_Action item_
Where the records below reach the line containing "STATION 8: JESUS SPEAKS TO THE WOMEN", start transcribing, and end with the line containing "than 50 state", exactly and with nothing else added.

_Given records_
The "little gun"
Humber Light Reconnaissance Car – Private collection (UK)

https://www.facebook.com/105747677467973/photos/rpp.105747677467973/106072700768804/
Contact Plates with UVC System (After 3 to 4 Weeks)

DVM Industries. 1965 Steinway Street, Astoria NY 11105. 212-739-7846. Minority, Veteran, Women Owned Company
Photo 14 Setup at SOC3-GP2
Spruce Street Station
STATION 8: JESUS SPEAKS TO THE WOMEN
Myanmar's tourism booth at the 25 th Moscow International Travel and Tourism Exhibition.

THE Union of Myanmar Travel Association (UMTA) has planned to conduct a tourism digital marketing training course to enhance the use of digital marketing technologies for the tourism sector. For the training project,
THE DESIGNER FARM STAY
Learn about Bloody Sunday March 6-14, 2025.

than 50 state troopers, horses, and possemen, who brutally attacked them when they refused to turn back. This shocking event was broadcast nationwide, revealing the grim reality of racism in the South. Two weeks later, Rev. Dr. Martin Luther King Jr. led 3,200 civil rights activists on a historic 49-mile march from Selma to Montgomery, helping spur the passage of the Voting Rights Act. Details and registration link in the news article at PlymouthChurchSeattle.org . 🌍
* * *
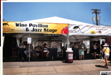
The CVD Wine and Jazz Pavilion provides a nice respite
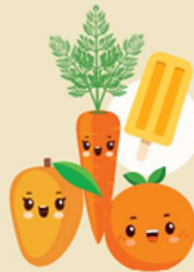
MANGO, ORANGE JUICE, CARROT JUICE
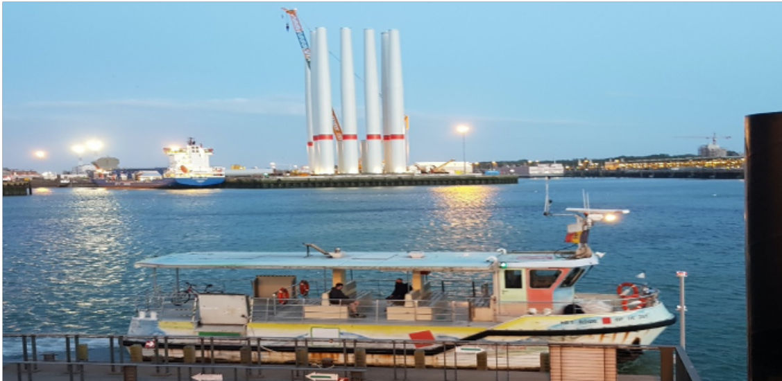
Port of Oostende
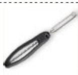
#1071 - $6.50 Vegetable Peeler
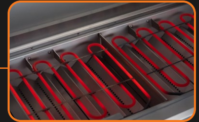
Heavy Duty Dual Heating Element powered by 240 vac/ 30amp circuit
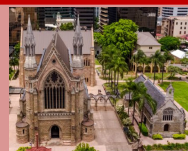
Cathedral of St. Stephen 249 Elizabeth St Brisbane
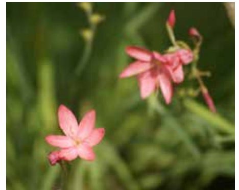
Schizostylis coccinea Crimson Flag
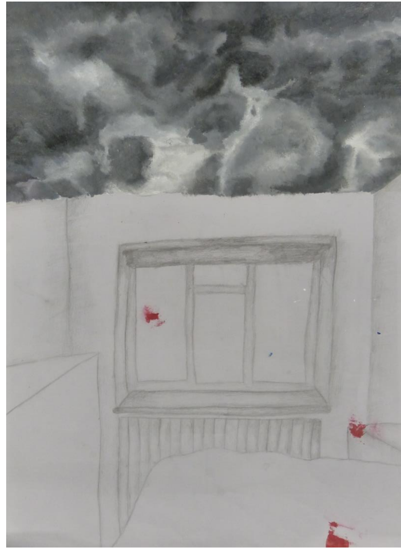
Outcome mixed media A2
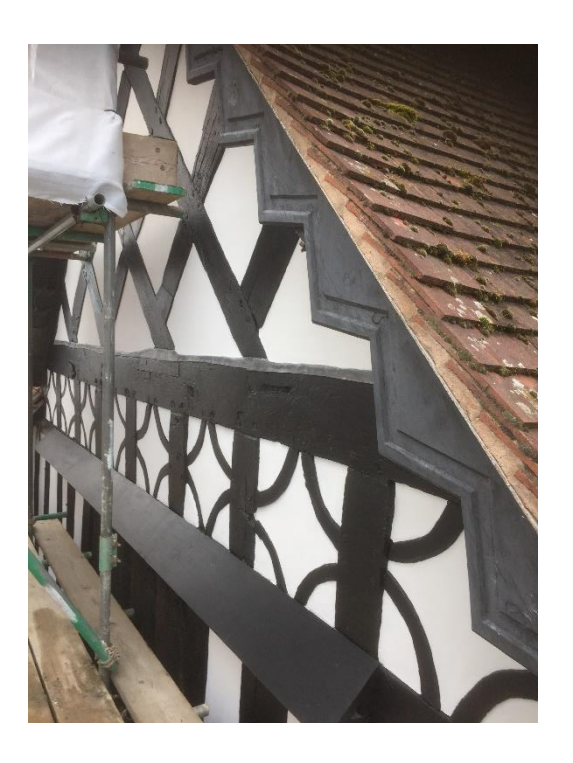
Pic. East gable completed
==
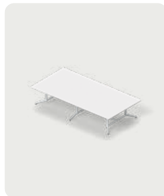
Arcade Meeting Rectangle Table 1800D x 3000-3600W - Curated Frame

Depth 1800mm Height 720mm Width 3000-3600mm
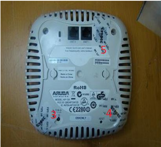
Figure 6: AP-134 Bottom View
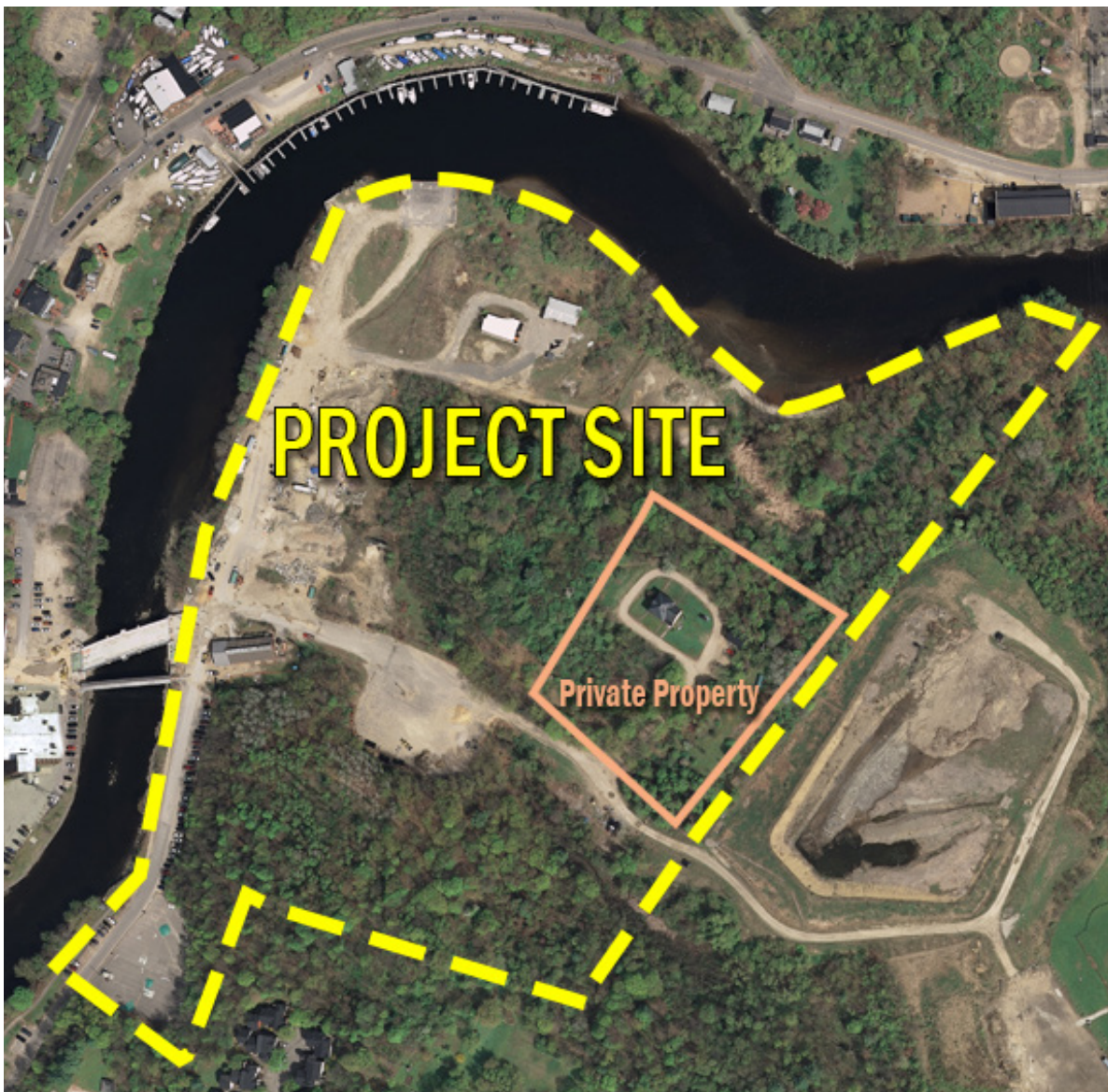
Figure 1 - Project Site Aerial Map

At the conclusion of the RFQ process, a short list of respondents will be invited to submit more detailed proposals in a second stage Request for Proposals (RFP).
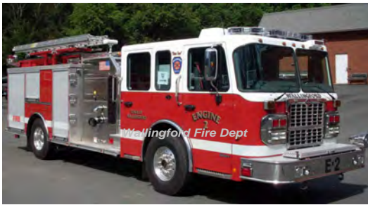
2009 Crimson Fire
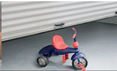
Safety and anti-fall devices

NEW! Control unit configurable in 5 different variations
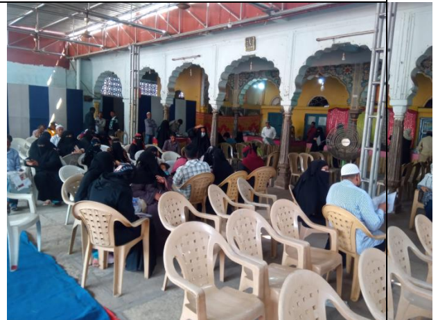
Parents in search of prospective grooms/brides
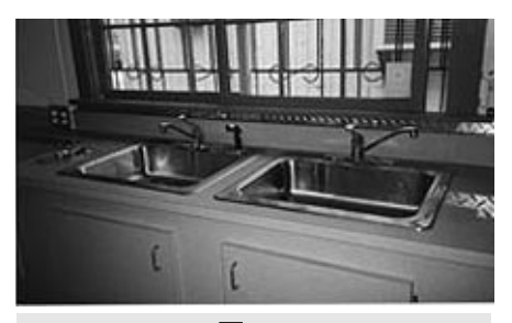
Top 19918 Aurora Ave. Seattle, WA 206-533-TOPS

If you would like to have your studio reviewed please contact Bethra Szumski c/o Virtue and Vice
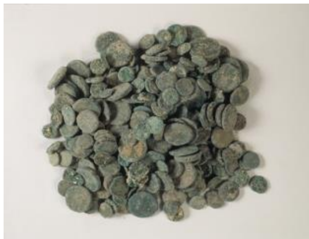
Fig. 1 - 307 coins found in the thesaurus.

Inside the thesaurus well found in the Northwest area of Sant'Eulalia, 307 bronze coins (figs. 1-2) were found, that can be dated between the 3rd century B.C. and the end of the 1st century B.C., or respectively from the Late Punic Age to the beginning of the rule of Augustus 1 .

_Response_
STATION 8: JESUS SPEAKS TO THE WOMEN
Myanmar's tourism booth at the 25 th Moscow International Travel and Tourism Exhibition.

THE Union of Myanmar Travel Association (UMTA) has planned to conduct a tourism digital marketing training course to enhance the use of digital marketing technologies for the tourism sector. For the training project,
THE DESIGNER FARM STAY
Learn about Bloody Sunday March 6-14, 2025.

than 50 state troopers, horses, and possemen, who brutally attacked them when they refused to turn back. This shocking event was broadcast nationwide, revealing the grim reality of racism in the South. Two weeks later, Rev. Dr. Martin Luther King Jr. led 3,200 civil rights activists on a historic 49-mile march from Selma to Montgomery, helping spur the passage of the Voting Rights Act. Details and registration link in the news article at PlymouthChurchSeattle.org . 🌍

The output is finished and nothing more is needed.